- **Work instruction**
Transcribe the line that contains "结合实际业务,,,,从规划设" and every line after it to the end of the records, exactly and nothing else. Skip the pictures.

- **Recorded information**
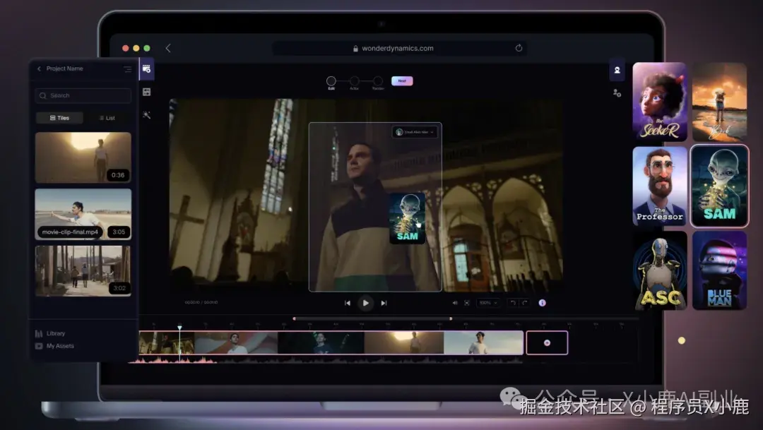 也是上傳一段視頻,選擇一個(gè)替換的形象,Wonder Studio 會(huì)自動(dòng)識(shí)別并進(jìn)行替換。
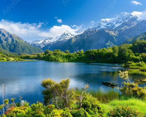 Majestic Snow Capped Mountains Reflected in a Serene Alpine Lake Surrounded by Lush Forests in New Zealand s Pristine Wilderness
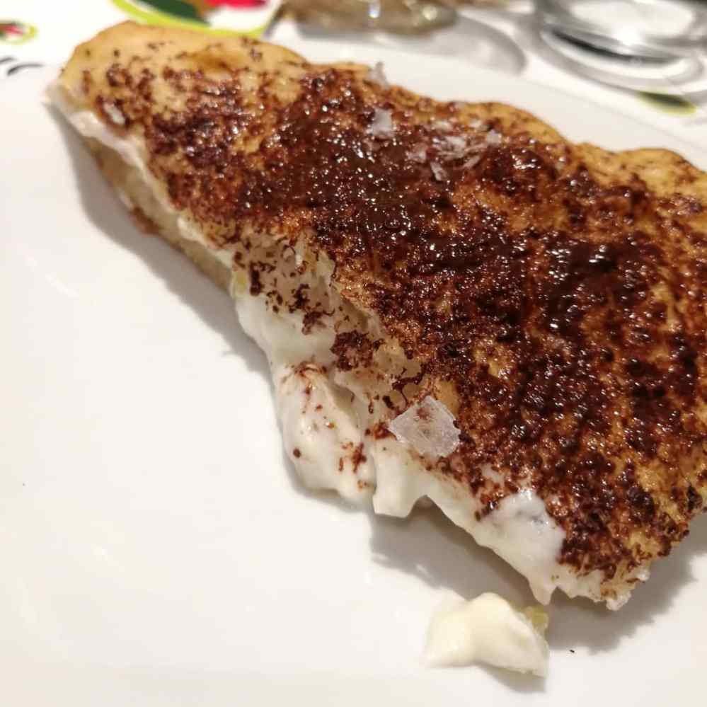 La prima declinazione di Cristina mi ha letteralmente mandato in sollucchero: sarde affumicate, cipolle in agrodolce e giuncata. Iniziare col botto. La fetta diventa sede di accordi che toccano tutte le note. Saporita, dolce, cremosa, ho perso la testa.
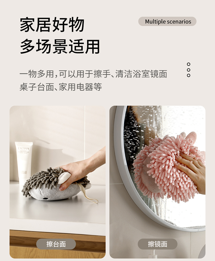 FaSoLa日式雪尼尔擦手球挂式擦手巾厨房加厚吸水速干卫生间可爱抹布
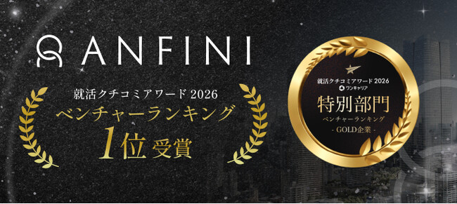 AI統合型経営コンサルティングを展開する株式会社Anfini(本社:東京都港区、代表取締役:橋本 純)は、「ワンキャリア 就活クチコミアワード2026」において、「ベンチャーランキング」第1位を獲得しました。
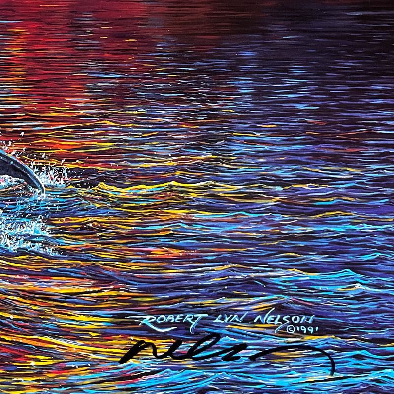 This is a hand signed poster by Robert Lyn Nelson. Measures approx. 31" x 18" (image). There may be very minor wear on the paper but the piece is in overall good condition.
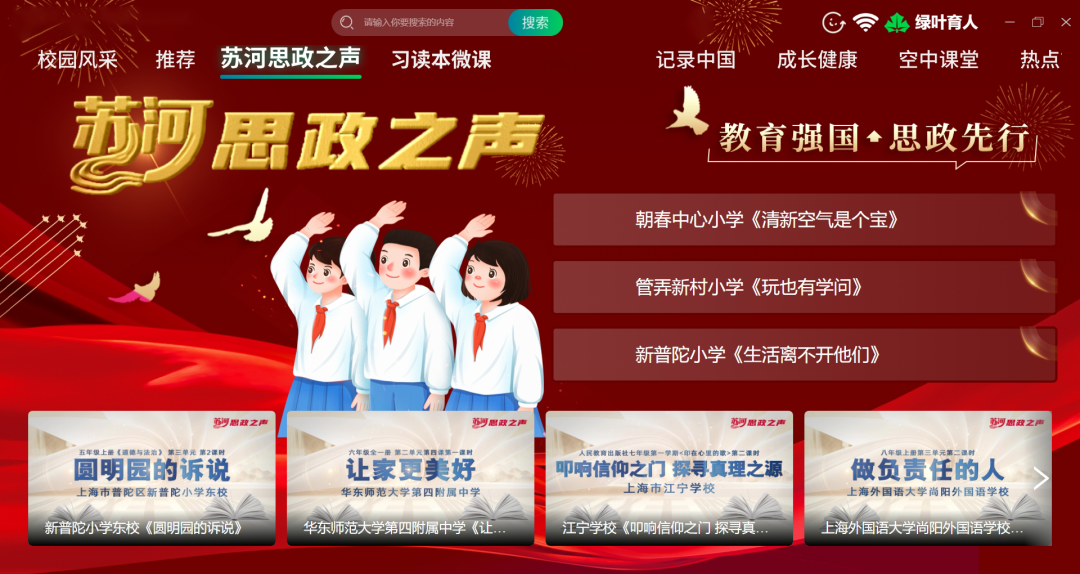 该体系聚焦“从普陀发展看中国道路”、“文物回归悟文化自信”等紧贴时代脉搏、富含地域特色的鲜活主题,成功研发并推出了覆盖小学、初中、高中全学段的10节思政“金课”。目前,10节思政“金课”已在绿叶育人平台《苏河思政之声》专区上线。
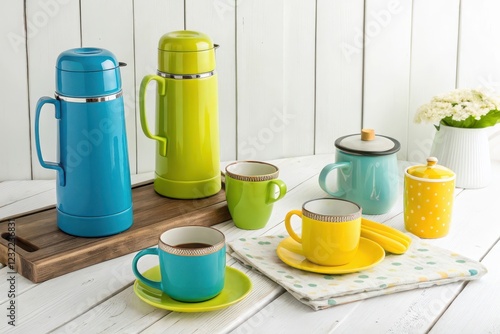 A cheerful display of vibrant teal and lime kitchenware, including thermal carafes and coffee cups, arranged on a wooden tray against a white backdrop.
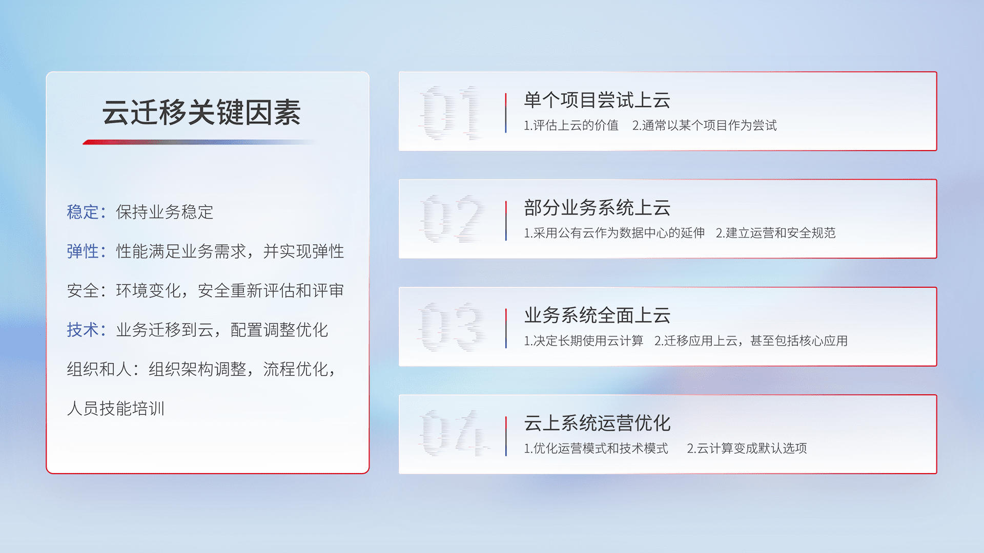 结合实际业务,,,,从规划设计、、、云平台选型、、、云原生改造、、数据迁移、、集成交付,,迁移全过程为客户识别最佳上云路径,,,,做好风险识别管理,,,设计网络架构、、身份权限、、安全审计合规、、操作审计、、、日志审计、、监控告警策略、、、、多站点容灾设计等,,,,对云上基础设施进行整体规划,,,,提升IT治理水平,,,,以满足弹性、、、高可用、、、高性能的需求。。。。
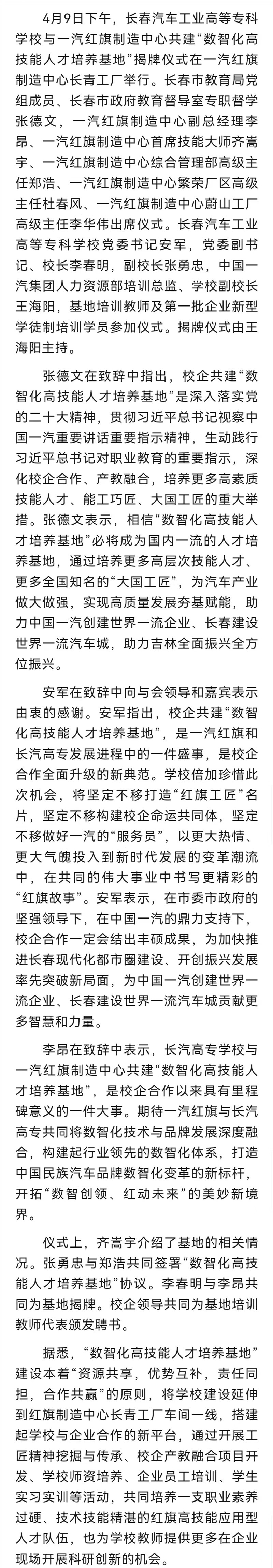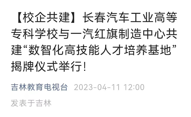 吉林教育电视台——【校企共建】长春汽车工业高等专科学校与一汽红旗制造中心共建“数智化高技能人才培养基地”揭牌仪式举行!

- **Reply to the exercise**
 结合实际业务,,,,从规划设计、、、云平台选型、、、云原生改造、、数据迁移、、集成交付,,迁移全过程为客户识别最佳上云路径,,,,做好风险识别管理,,,设计网络架构、、身份权限、、安全审计合规、、操作审计、、、日志审计、、监控告警策略、、、、多站点容灾设计等,,,,对云上基础设施进行整体规划,,,,提升IT治理水平,,,,以满足弹性、、、高可用、、、高性能的需求。。。。
 吉林教育电视台——【校企共建】长春汽车工业高等专科学校与一汽红旗制造中心共建“数智化高技能人才培养基地”揭牌仪式举行!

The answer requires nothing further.